Seventy-three percent of working Canadians experience almost daily stress in their jobs, according to a recent study by Statistics Canada. That’s approximately 10 million people, or nearly one-third of Canada’s population. More than one-quarter of workers say their job is “quite a bit” or “extremely” stressful; close to half say they experience “a bit” of stress. But where is all the stress coming from, and is it affecting workers’ productivity?

Morever, should employers be aiming for stress-free workplaces? I don’t think so, despite the well documented problems associated with stressed-out employees. We’ve written a fair amount about the effects of stress on workers and the workplace, and the sources of employee stress. The thing is, stressed employees can suffer from health problems, from anxiety to insomnia and worse, but stress is also a sign of challenging work. If employees don’t feel challenged, they are not likely to feel motivated to perform or improve. Moreover, people react differently to different levels of stress. Some thrive on challenge; others shrink away from it. An employer’s job is to manage these different types of employees, not necessarily to change the nature of their work.

Employers should always be open to employee complaints of stress, stressors and potentially associated health symptoms, but they should also be wary of claims that the work itself is the cause of an employee’s stress. According to StatsCan, the sources of employee stress are diverse, and in many cases are related to employees’ demographic and socioeconomic characteristics. These factors might be stronger indicators of the sources of stress than just “work”.

Highly stressed workers most often cited work as the main source of their stress. These workers were likely to have a post-secondary education, work in a white-collar job and earn more than $100,000 in salary. More men than women claimed their stress came from work, and they were mainly between the ages of 35 and 49.

Other highly stressed workers pointed to financial concerns, lack of time, family matters and personal issues as the main sources of their stress. Workers in these groups were less likely to have a college of university education, more likely to work in sales and service or blue-collar jobs, and most earned less than $60,000.

Unfortunately, the StatsCan report lacks information about whether those who claim work is the main cause of their stress feel that stress is having a negative effect on their work or health. Without that information, it’s not clear what we should make of the survey results. I might be tempted to say that white-collar jobs are more challenging, or place greater responsibilities on employees, than other work, and that workers earning more than $100,000 should have few reasons to complain about their finances, so they point to work as the apparent source of their stress. On the other hand, I might say that workers earning less than $60,000 often have less challenging and less stable jobs with fewer responsibilities, and therefore more clearly understand personal and financial stresses. But that’s all speculation.

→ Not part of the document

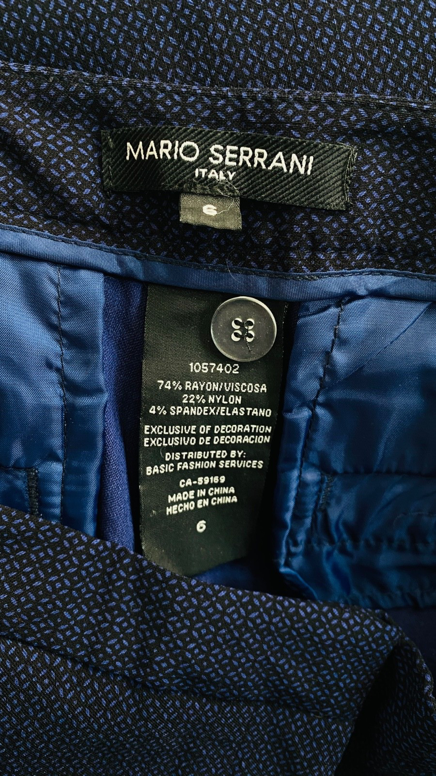 как выглядит MARIO SERRANI Italy blue dress pants, rayon patterned stretch straight leg фото

Personally, although I might complain that work is stressing me out, my experience with stress falls mainly in the second group. I know that, in truth, my stress is coming from some trouble I’m having balancing my various personal and work duties. I just don’t want to place blame on the personal things; I’d rather say work is the problem! That’s not to say that work doesn’t add stress to my life. Of course it does, but that stress is a result of challenges that my work presents, and which I have to face. It would be silly to ask my employer to stop challenging me! I might as well ask never to receive another raise.

The key, I think, is not reducing the stress associated with the job, but rather offering employees resources to manage their lives better, even if that means simply listening carefully to their problems and offering accommodations like flexible scheduling. At the same time, employers should watch for signs of disengagement, reduced productivity and health problems, since these are things that will directly affect business, regardless of whether they come from employee stress or other sources.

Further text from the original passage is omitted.